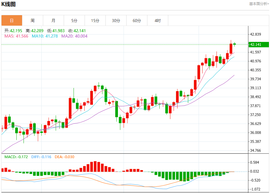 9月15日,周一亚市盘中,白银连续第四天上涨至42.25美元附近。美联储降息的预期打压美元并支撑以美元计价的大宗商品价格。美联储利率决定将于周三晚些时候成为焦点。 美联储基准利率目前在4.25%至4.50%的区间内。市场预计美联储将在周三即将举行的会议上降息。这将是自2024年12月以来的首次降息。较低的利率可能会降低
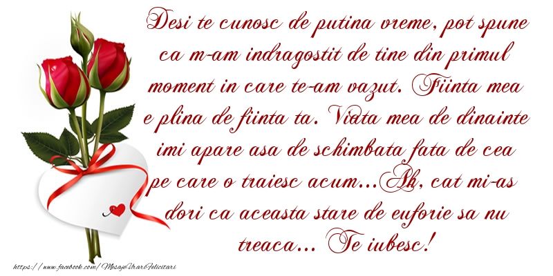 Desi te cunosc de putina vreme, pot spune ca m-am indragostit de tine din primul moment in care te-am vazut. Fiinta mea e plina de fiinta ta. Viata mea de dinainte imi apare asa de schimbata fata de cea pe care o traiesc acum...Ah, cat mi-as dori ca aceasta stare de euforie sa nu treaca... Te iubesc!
==
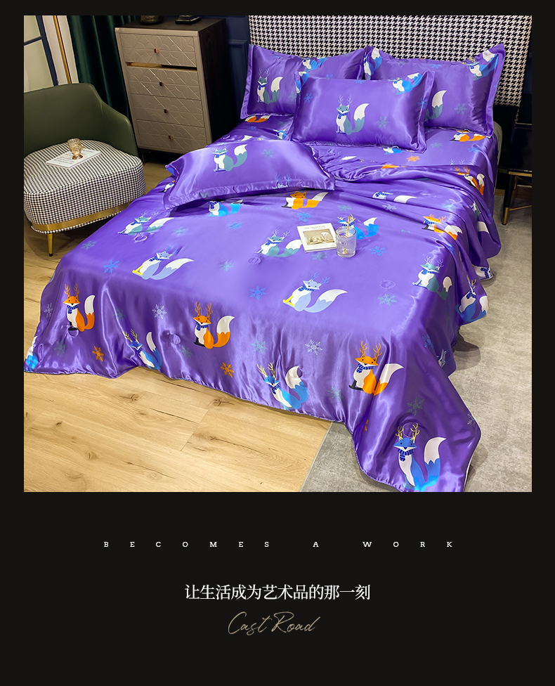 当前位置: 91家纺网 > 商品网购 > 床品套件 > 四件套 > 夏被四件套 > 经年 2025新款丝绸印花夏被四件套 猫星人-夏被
* * *
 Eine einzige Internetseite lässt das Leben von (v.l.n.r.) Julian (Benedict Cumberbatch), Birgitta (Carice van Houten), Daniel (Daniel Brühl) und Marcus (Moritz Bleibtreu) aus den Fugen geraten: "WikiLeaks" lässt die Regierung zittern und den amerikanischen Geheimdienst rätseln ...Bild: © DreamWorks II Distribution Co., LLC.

--- Activity ---
Although the records hold pictures, the copy must not; give again exactly the lines from the one with "9月15日,周一亚市盘中,白" through the one with "Desi te cunosc".

--- Reply ---
 9月15日,周一亚市盘中,白银连续第四天上涨至42.25美元附近。美联储降息的预期打压美元并支撑以美元计价的大宗商品价格。美联储利率决定将于周三晚些时候成为焦点。 美联储基准利率目前在4.25%至4.50%的区间内。市场预计美联储将在周三即将举行的会议上降息。这将是自2024年12月以来的首次降息。较低的利率可能会降低
 Desi te cunosc de putina vreme, pot spune ca m-am indragostit de tine din primul moment in care te-am vazut. Fiinta mea e plina de fiinta ta. Viata mea de dinainte imi apare asa de schimbata fata de cea pe care o traiesc acum...Ah, cat mi-as dori ca aceasta stare de euforie sa nu treaca... Te iubesc!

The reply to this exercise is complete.